Dear developers,
I am trying to make a core scaling about Suricata 6.0.10 with Hyperscan using some pcap files. I tested the total seconds used with different cores and threads. I ran this command with specific configuration file:
./bench_install_root/usr/bin/suricata -c suricata_bench/suricata.yaml -r ./pcap_files -l ./log_std/log_hs_hs
I got outputs like this with 8C16T:
5/5/2023 -- 15:26:15 - <Notice> - This is Suricata version 6.0.10 RELEASE running in USER mode
5/5/2023 -- 15:26:16 - <Error> - [ERRCODE: SC_WARN_JA3_DISABLED(309)] - ja3 support is not enabled
5/5/2023 -- 15:26:16 - <Error> - [ERRCODE: SC_ERR_INVALID_SIGNATURE(39)] - error parsing signature "alert tls $HOME_NET any -> $EXTERNAL_NET any (msg:"ET JA3 Hash - Suspected Cobalt Strike Malleable C2 M1 (set)"; flow:established,to_server; ja3.hash; content:"eb88d0b3e1961a0562f006e5ce2a0b87"; ja3.string; content:"771,49192-49191-49172-49171"; flowbits:set,ET.cobaltstrike.ja3; flowbits:noalert; classtype:command-and-control; sid:2028831; rev:1; metadata:affected_product Windows_XP_Vista_7_8_10_Server_32_64_Bit, attack_target Client_Endpoint, created_at 2019_10_15, deployment Perimeter, former_category JA3, malware_family Cobalt_Strike, signature_severity Major, updated_at 2019_10_15, mitre_tactic_id TA0011, mitre_tactic_name Command_And_Control, mitre_technique_id T1001, mitre_technique_name Data_Obfuscation;)" from file /home/xuhao/suricata_bench/bench_install_root/var/lib/suricata/rules/emerging-all.rules at line 27115
5/5/2023 -- 15:26:19 - <Error> - [ERRCODE: SC_WARN_JA3_DISABLED(309)] - ja3(s) support is not enabled
5/5/2023 -- 15:26:19 - <Error> - [ERRCODE: SC_ERR_INVALID_SIGNATURE(39)] - error parsing signature "alert tls $EXTERNAL_NET any -> $HOME_NET any (msg:"ET JA3 HASH - Possible RustyBuer Server Response"; flowbits:isset,ET.rustybuer; ja3s.hash; content:"f6dfdd25d1522e4e1c7cd09bd37ce619"; reference:md5,ea98a9d6ca6f5b2a0820303a1d327593; classtype:bad-unknown; sid:2032960; rev:1; metadata:attack_target Client_Endpoint, created_at 2021_05_13, deployment Perimeter, former_category JA3, malware_family RustyBuer, performance_impact Low, signature_severity Major, updated_at 2021_05_13;)" from file /home/xuhao/suricata_bench/bench_install_root/var/lib/suricata/rules/emerging-all.rules at line 60175
5/5/2023 -- 15:26:28 - <Notice> - all 17 packet processing threads, 4 management threads initialized, engine started.
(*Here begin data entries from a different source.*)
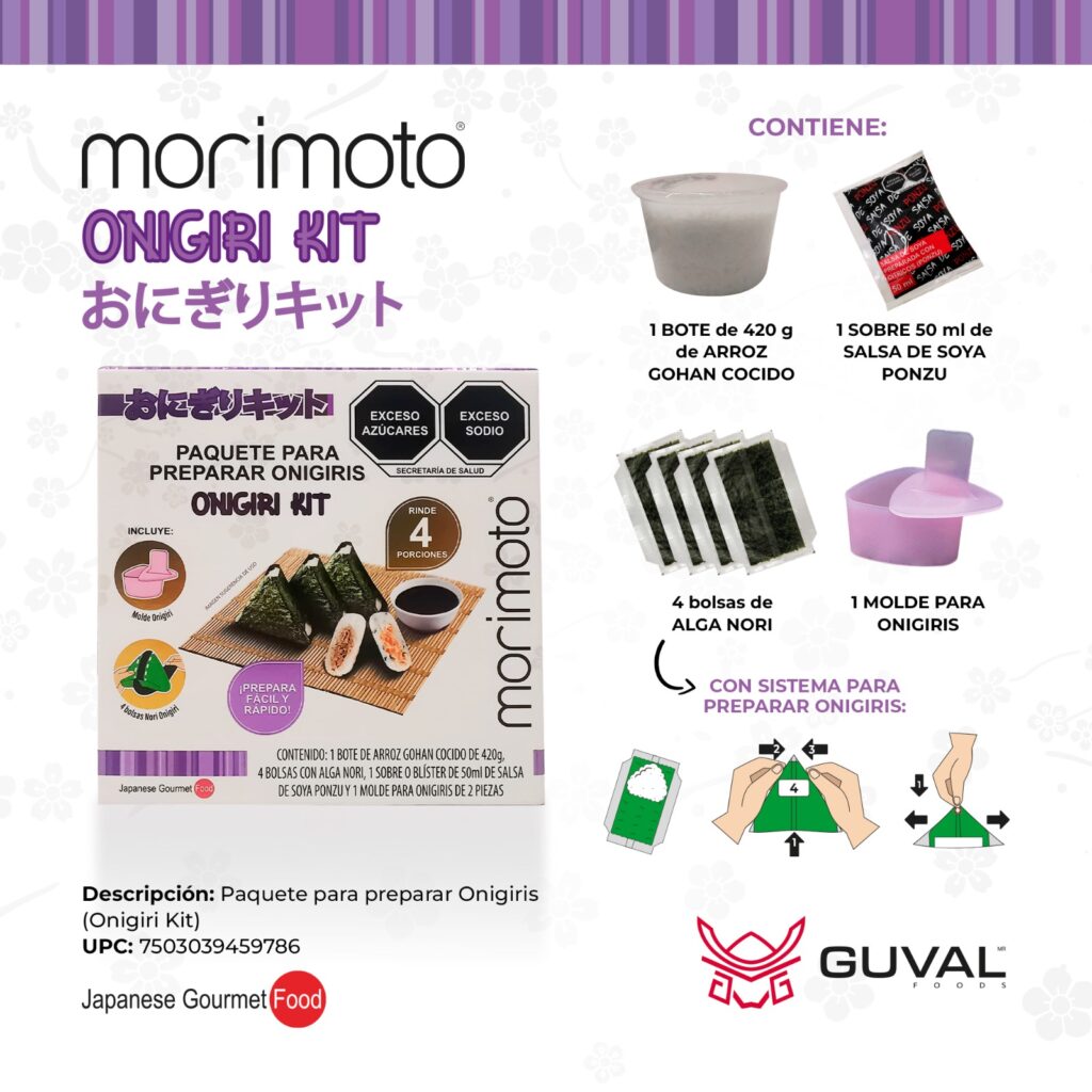 En México la llegada de este platillo se hizo más popular hace algún tiempo y Guval Foods a través de su reconocida marca Morimoto, ha creado el Onigiri Kit, el cual trae todo lo necesario para que puedas preparar Onigiris en casa de forma fácil, rápida y saludable.
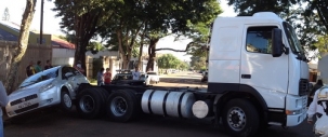 Acidente "diferente" na manhã desta quarta-feira. Na rua na Rocha Pombo, quase esquina com av. Manoel Mendes. A carreta perdeu o freio ao tentar atravessar a avenida, voltou de ré uns 30 metros e atingiu em cheio um carro estacionado.
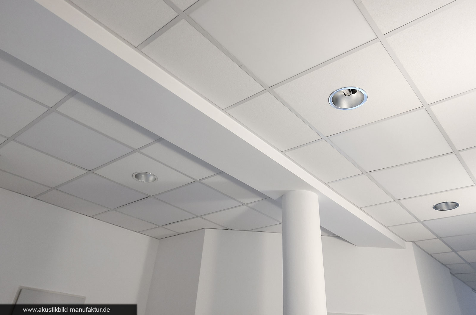 Weiße oder lichtgraue Akustikplatten aus Basotect können Sie bei der Akustikbild-Manufaktur in passenden Größen für Rasterdecken in den Ausführungen “Mit Magneten“, “Zum Einlegen” oder “Zum Ankleben” bestellen.
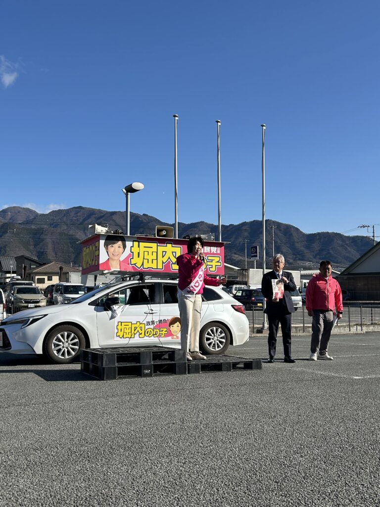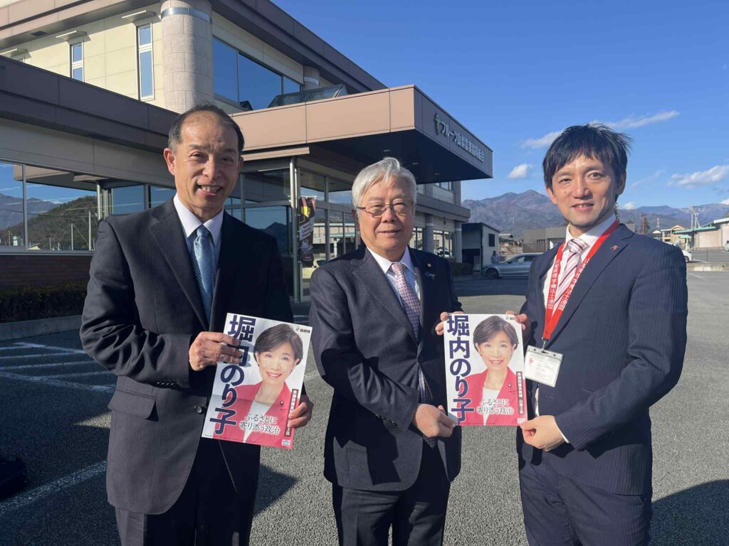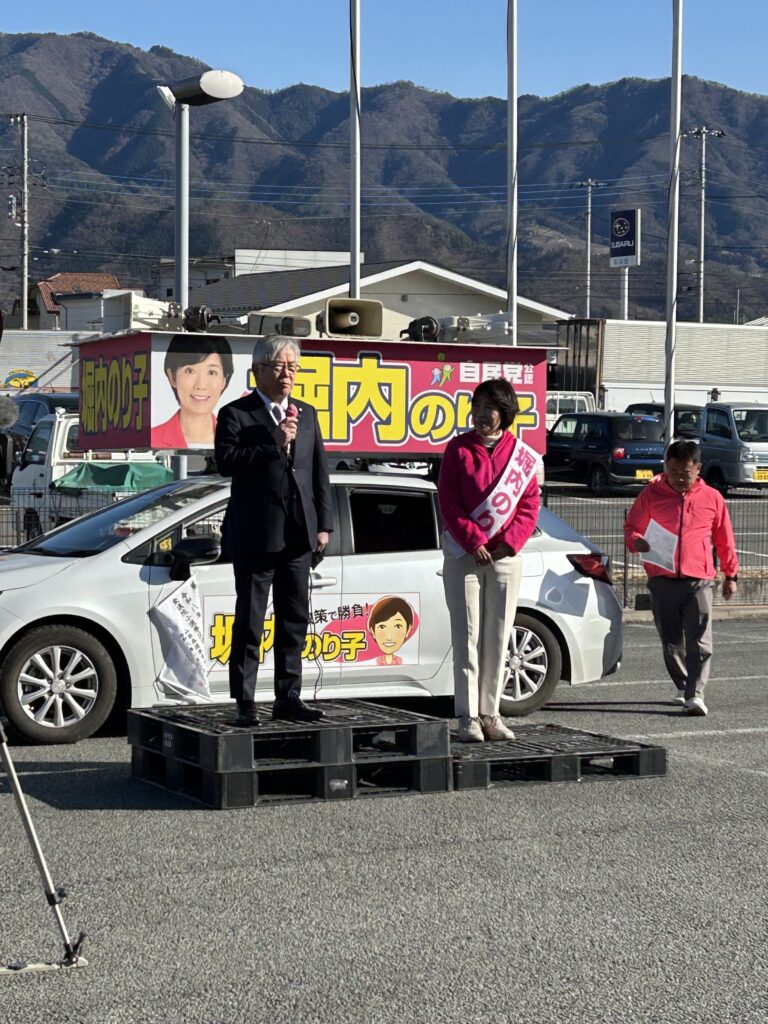 1月30日(金)、リハビリテーションを考える議員連盟の事務局長である小川かつみ参議院議員(理学療法士)が、山梨県甲州市の演説会場まで 堀内候補の応援に駆けつけてくださいました。
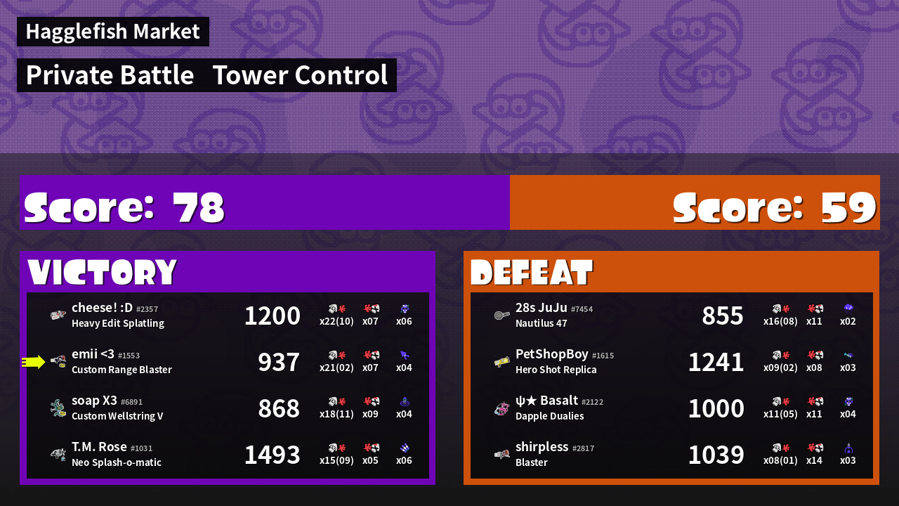 | Medals | #1 Popular Target #1 Enemy Splatter First Splat! | ||
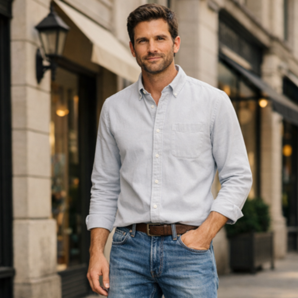 Antonio Modern Casual Shirt – where timeless Italian design meets effortless versatility. Crafted from a lightweight, breathable cotton blend, this men’s shirt ensures all-day comfort and a crisp, polished look from morning to night. Its classic button-down collar and structured chest pocket reflect refined craftsmanship, while the regular fit provides freedom of movement without sacrificing elegance. Whether paired with tailored trousers for work or jeans for the weekend, this shirt adapts seamlessly to every occasion — a true essential for the modern man who values style, comfort, and sophistication.
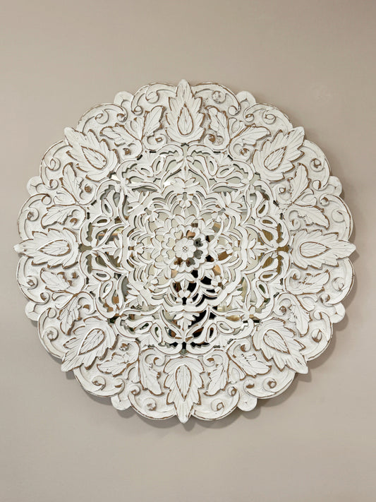 Mandala Redonda de Madera Tallada a Mano con Espejo
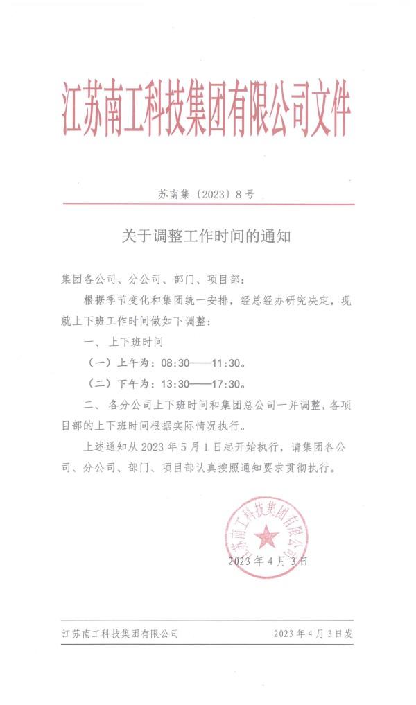 關(guān)于調(diào)整工作時(shí)間的通知
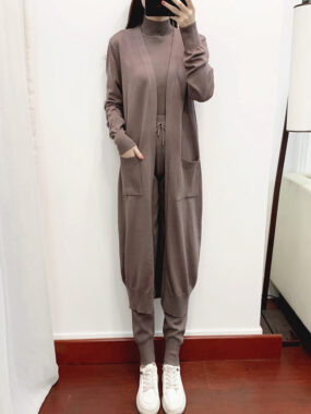 Elevate your seasonal style with our High-End Viscose Blend Knitted 3-Piece Set, featuring a long coat, sleeveless high-collar vest, and wide-leg pants. Perfect for chic, comfortable, and versatile autumn and winter fashion.
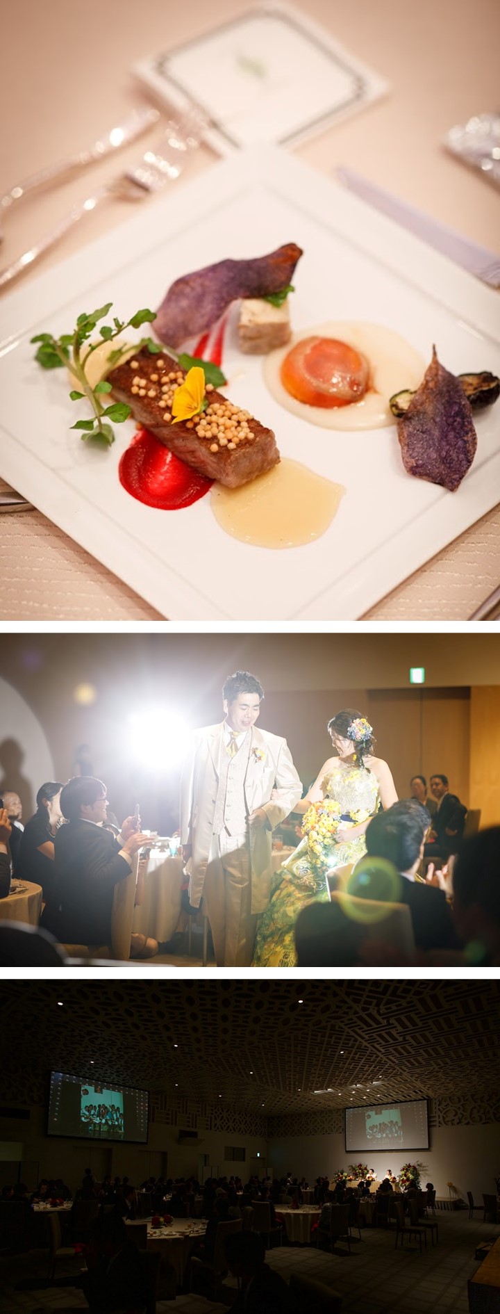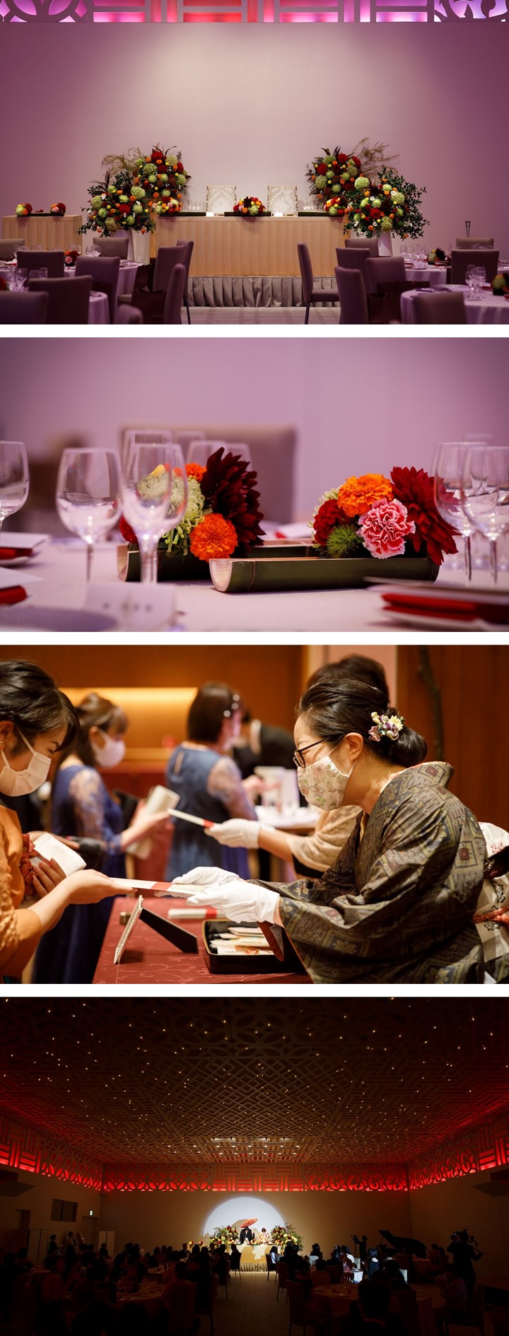 大切なゲストへのおもてなしを重視されたおふたりは、お料理にこだわり 会場内は”和”をテーマに、ボリュームのあるコーディネートで華やかに 披露宴ではゲストから想いのこもったビデオメッセージやサックスの生演奏 新郎様にサプライズでご披露された新婦様のフラダンスなど 笑顔溢れるたくさんの想いが結ばれたパーティーとなりました
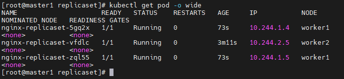 # kubectl apply -f replicaset.yaml # kubectl get replicasets.apps -o wide master노드에는 pod가 만들어지지 않은 이유 : 그렇게 스케쥴이 되어 있기 때문에 # kubectl describe replicasets.apps nginx-replicaset

5/5/2023 -- 15:26:51 - <Notice> - Signal Received. Stopping engine.
5/5/2023 -- 15:26:52 - <Notice> - Pcap-file module read 3 files, 8383530 packets, 4178235146 bytes
I used the time difference between line 8 and line 1 as the performance metric of this test. And I got time reduction from 1C1T configuration to 4C4T. However, when I allocate more cores and threads, the performance does not improve anymore.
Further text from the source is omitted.